From the first line to the last, return the data exactly, with no pictures.

───── DATASET EXCERPT ─────

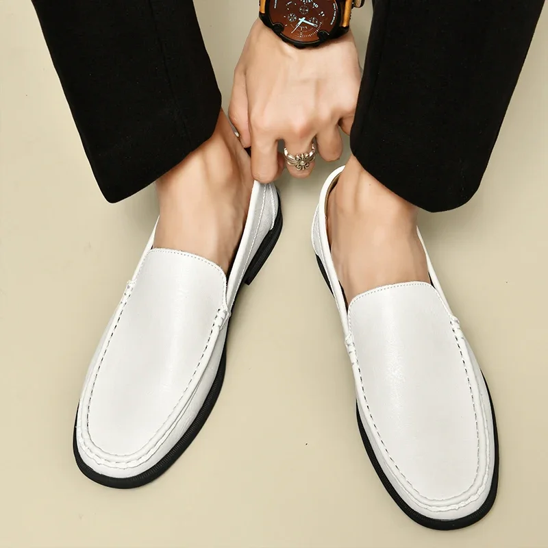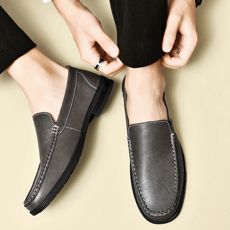 Leather Men Footwear Slip on Office Man Formal Shoes Wedding Party Men Dress Shoes Breath Driving Lazy Loafers Moccasins
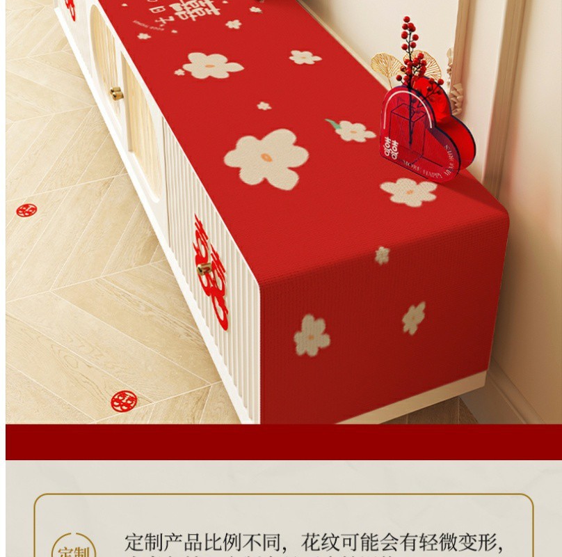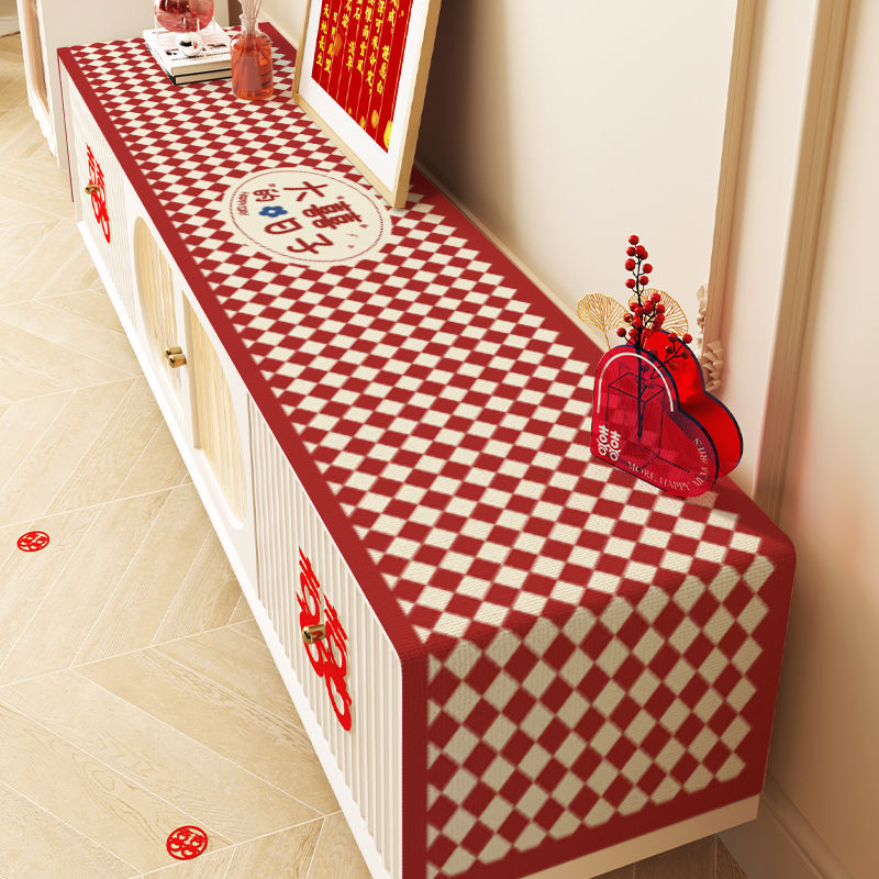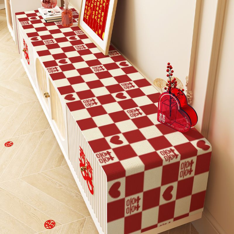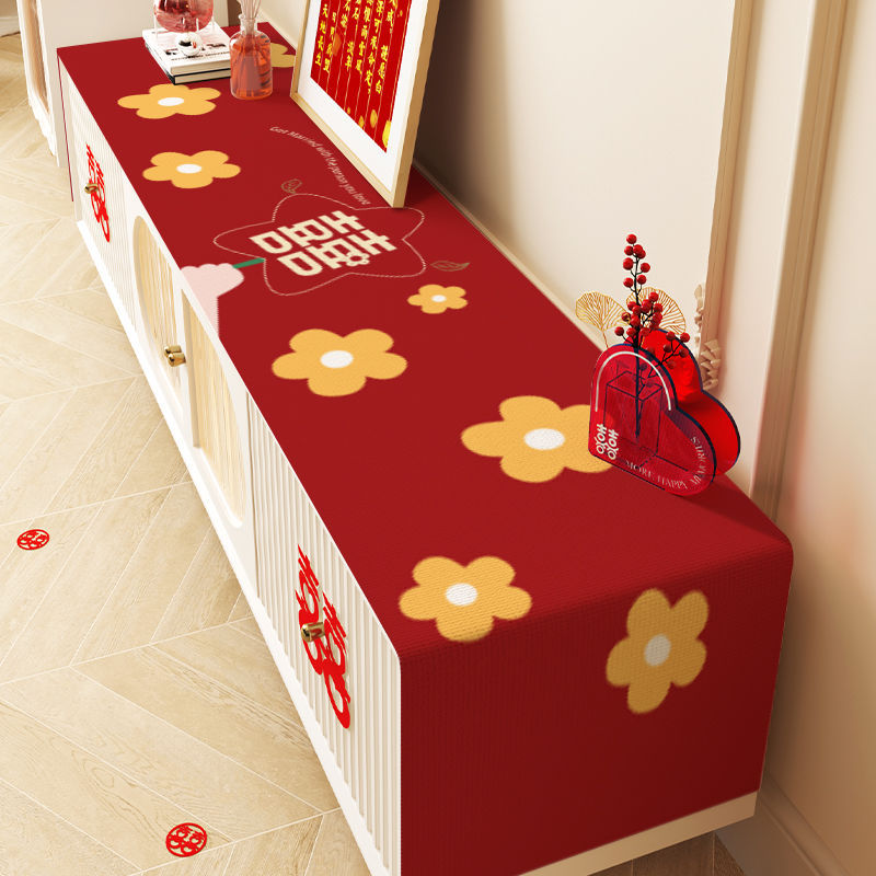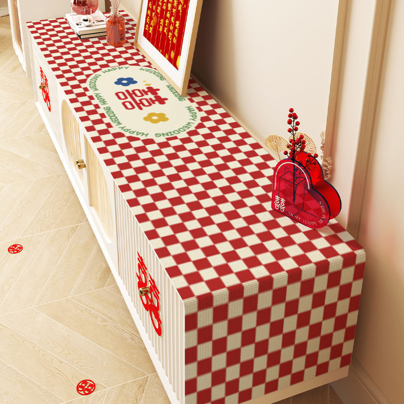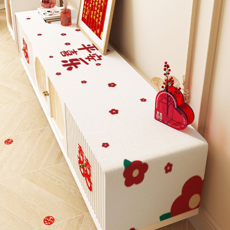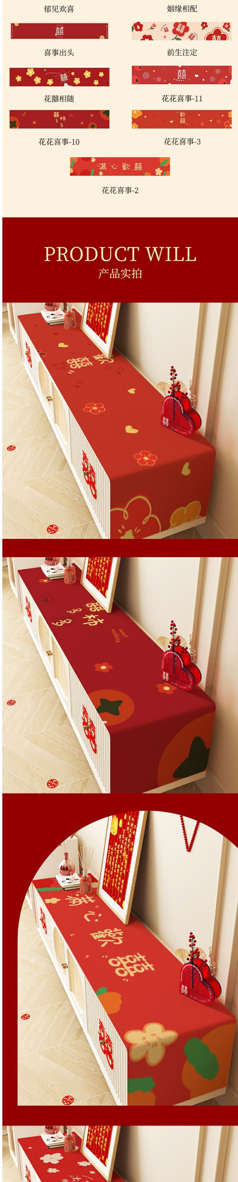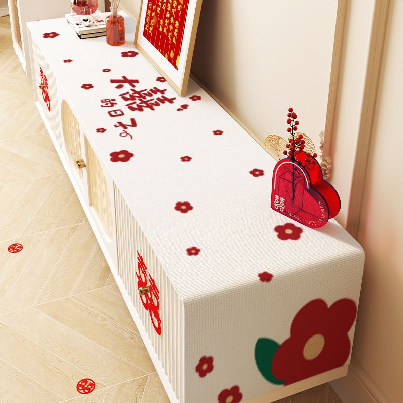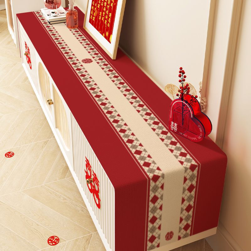 무료 배송 웨딩 TV 캐비닛 식탁보 레드 축제 웨딩 장식 긴 커버 천 수건 행복한 캐릭터 약혼 커피 테이블 식탁
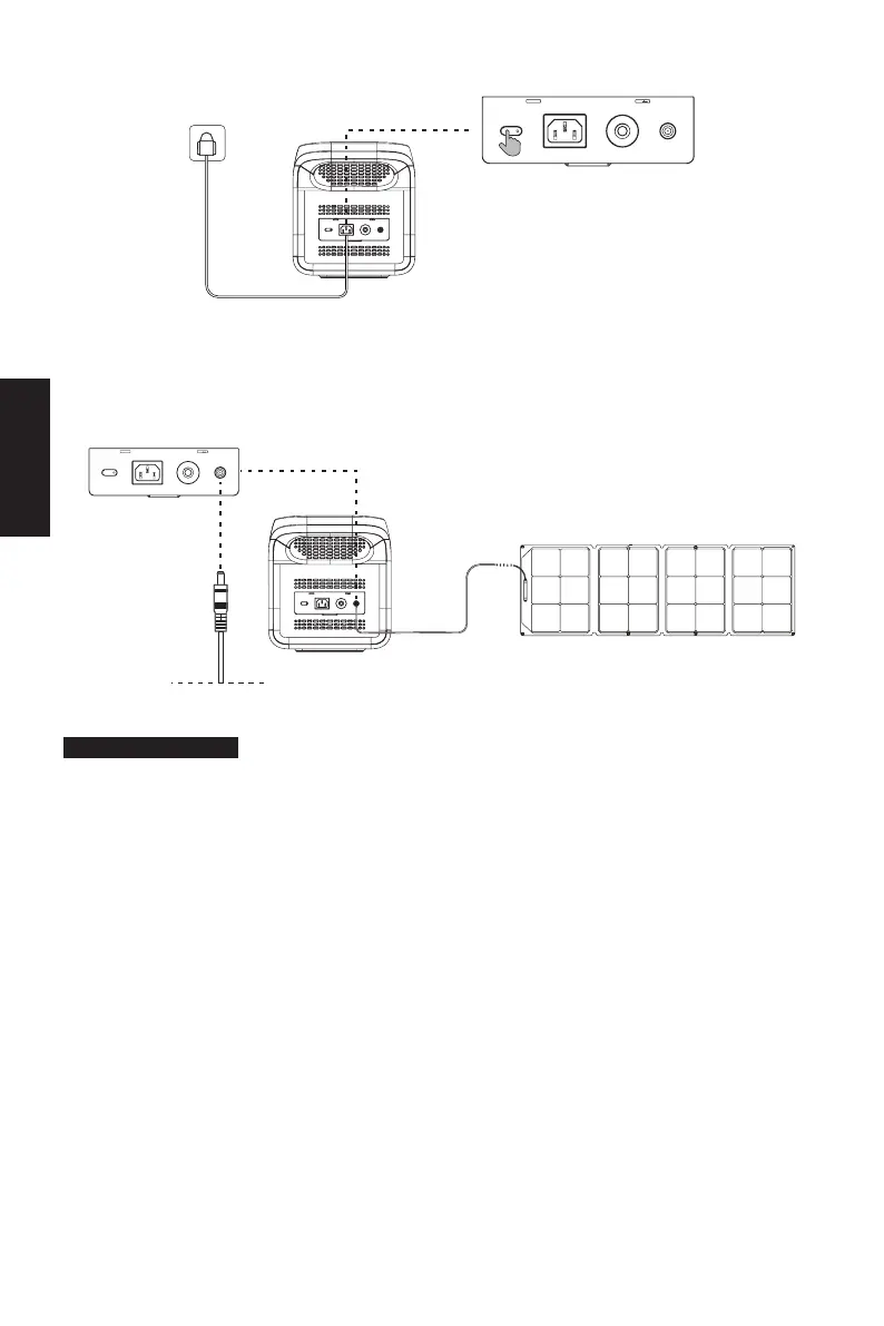 • Halten Sie Ihre Stromversorgungsanlage während des Aufladens von Hitze und direktem Sonnenlicht fern, um die

─────

WORKED SOLUTION
 Leather Men Footwear Slip on Office Man Formal Shoes Wedding Party Men Dress Shoes Breath Driving Lazy Loafers Moccasins
 무료 배송 웨딩 TV 캐비닛 식탁보 레드 축제 웨딩 장식 긴 커버 천 수건 행복한 캐릭터 약혼 커피 테이블 식탁
 • Halten Sie Ihre Stromversorgungsanlage während des Aufladens von Hitze und direktem Sonnenlicht fern, um die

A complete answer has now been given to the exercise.